_Task goal_.
The task calls for the lines below from the line with "Chiều ngày 01/12/2025, tại" to the line with "迎新工作,了解新生报到情况,体验特色活动", both ends included, copied exactly, without any pictures.

_Records for this task_.
■ ■ ■

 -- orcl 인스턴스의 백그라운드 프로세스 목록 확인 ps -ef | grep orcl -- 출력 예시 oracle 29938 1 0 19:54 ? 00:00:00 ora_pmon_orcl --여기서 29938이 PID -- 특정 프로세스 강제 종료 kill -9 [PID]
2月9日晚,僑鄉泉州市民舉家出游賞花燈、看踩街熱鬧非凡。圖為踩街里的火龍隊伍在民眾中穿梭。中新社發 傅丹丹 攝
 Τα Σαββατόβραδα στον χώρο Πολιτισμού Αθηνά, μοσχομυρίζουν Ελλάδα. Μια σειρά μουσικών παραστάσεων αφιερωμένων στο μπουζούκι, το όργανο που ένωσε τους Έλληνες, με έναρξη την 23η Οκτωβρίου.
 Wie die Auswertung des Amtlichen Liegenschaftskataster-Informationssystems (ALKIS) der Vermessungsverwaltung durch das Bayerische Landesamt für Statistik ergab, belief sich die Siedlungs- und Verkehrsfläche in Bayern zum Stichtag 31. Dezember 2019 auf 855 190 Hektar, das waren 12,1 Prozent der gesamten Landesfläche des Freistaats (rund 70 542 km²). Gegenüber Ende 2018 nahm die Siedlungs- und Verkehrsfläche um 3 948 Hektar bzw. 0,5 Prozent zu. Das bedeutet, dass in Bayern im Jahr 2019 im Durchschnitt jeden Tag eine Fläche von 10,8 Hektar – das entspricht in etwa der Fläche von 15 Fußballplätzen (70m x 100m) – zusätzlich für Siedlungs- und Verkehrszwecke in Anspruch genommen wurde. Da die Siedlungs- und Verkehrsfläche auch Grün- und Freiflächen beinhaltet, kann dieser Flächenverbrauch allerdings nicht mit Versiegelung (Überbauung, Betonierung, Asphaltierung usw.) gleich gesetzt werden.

■ ■ ■

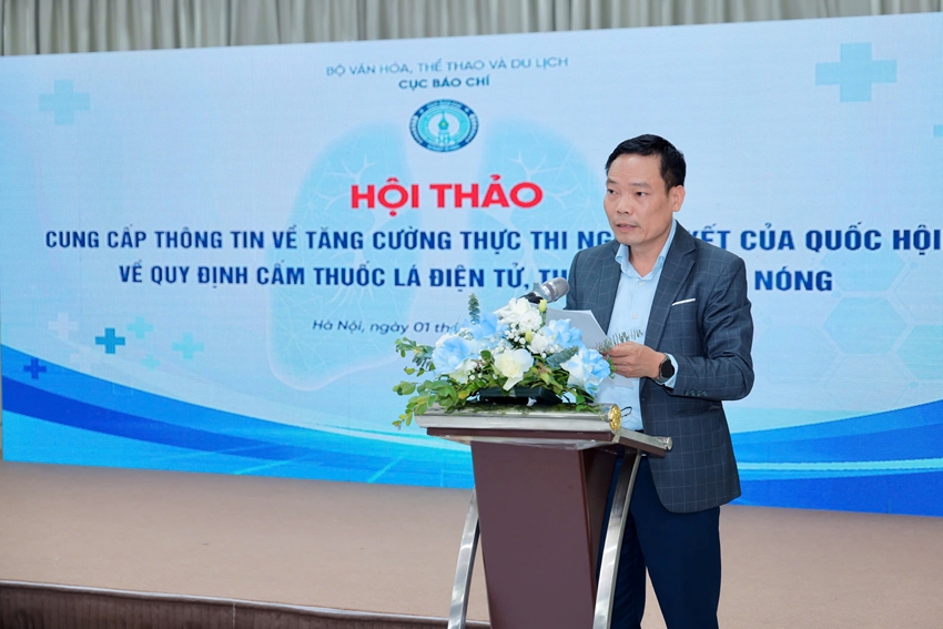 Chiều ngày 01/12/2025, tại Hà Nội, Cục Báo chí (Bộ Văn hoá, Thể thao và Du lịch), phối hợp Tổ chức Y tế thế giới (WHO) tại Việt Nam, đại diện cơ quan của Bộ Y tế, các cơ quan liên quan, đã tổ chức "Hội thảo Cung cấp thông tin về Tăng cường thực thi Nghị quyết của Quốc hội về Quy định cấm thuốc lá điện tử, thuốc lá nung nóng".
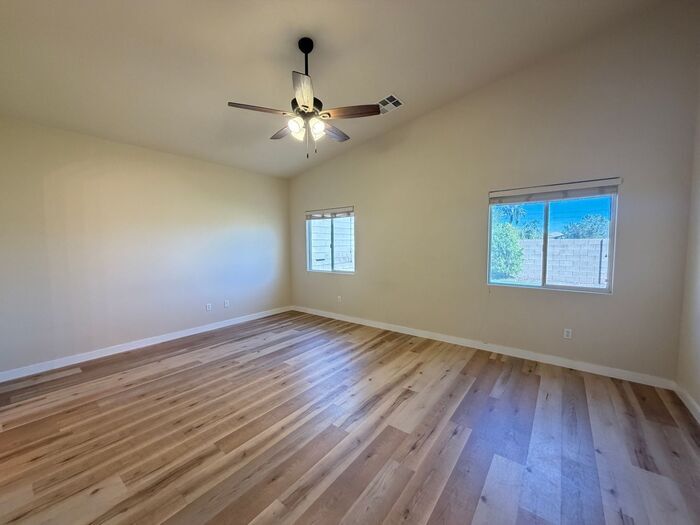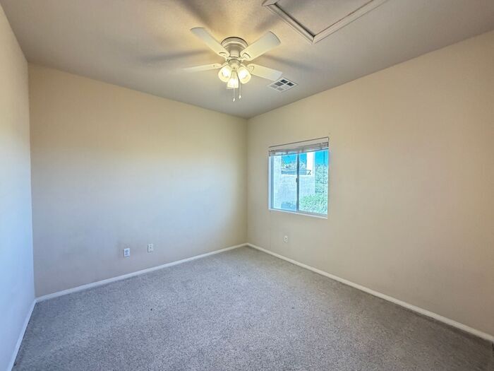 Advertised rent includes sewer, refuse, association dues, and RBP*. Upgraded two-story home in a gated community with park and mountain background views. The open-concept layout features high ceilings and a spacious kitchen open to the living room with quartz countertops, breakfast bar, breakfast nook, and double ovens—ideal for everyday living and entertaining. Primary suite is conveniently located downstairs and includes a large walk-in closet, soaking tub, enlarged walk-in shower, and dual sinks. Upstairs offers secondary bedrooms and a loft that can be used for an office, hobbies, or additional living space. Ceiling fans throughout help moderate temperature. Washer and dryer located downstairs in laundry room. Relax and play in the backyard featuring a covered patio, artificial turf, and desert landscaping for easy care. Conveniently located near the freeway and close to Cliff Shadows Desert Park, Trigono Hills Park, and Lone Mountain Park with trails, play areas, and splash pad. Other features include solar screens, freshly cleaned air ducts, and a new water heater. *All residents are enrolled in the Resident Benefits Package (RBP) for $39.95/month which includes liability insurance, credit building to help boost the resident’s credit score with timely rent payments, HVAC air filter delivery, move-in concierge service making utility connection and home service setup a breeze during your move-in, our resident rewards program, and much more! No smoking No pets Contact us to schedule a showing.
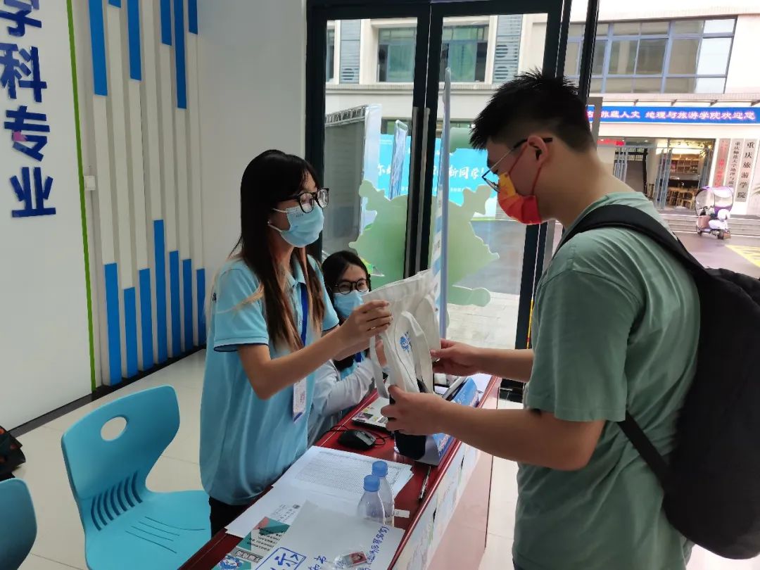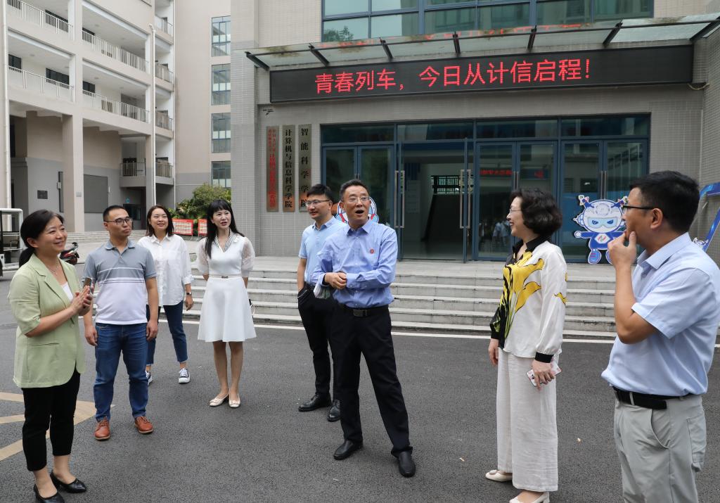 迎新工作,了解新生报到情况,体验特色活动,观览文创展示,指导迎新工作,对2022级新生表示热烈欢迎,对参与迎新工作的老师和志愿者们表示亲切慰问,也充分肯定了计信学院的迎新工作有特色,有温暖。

■ ■ ■

_Task result_.
 Chiều ngày 01/12/2025, tại Hà Nội, Cục Báo chí (Bộ Văn hoá, Thể thao và Du lịch), phối hợp Tổ chức Y tế thế giới (WHO) tại Việt Nam, đại diện cơ quan của Bộ Y tế, các cơ quan liên quan, đã tổ chức "Hội thảo Cung cấp thông tin về Tăng cường thực thi Nghị quyết của Quốc hội về Quy định cấm thuốc lá điện tử, thuốc lá nung nóng".
 Advertised rent includes sewer, refuse, association dues, and RBP*. Upgraded two-story home in a gated community with park and mountain background views. The open-concept layout features high ceilings and a spacious kitchen open to the living room with quartz countertops, breakfast bar, breakfast nook, and double ovens—ideal for everyday living and entertaining. Primary suite is conveniently located downstairs and includes a large walk-in closet, soaking tub, enlarged walk-in shower, and dual sinks. Upstairs offers secondary bedrooms and a loft that can be used for an office, hobbies, or additional living space. Ceiling fans throughout help moderate temperature. Washer and dryer located downstairs in laundry room. Relax and play in the backyard featuring a covered patio, artificial turf, and desert landscaping for easy care. Conveniently located near the freeway and close to Cliff Shadows Desert Park, Trigono Hills Park, and Lone Mountain Park with trails, play areas, and splash pad. Other features include solar screens, freshly cleaned air ducts, and a new water heater. *All residents are enrolled in the Resident Benefits Package (RBP) for $39.95/month which includes liability insurance, credit building to help boost the resident’s credit score with timely rent payments, HVAC air filter delivery, move-in concierge service making utility connection and home service setup a breeze during your move-in, our resident rewards program, and much more! No smoking No pets Contact us to schedule a showing.
 迎新工作,了解新生报到情况,体验特色活动,观览文创展示,指导迎新工作,对2022级新生表示热烈欢迎,对参与迎新工作的老师和志愿者们表示亲切慰问,也充分肯定了计信学院的迎新工作有特色,有温暖。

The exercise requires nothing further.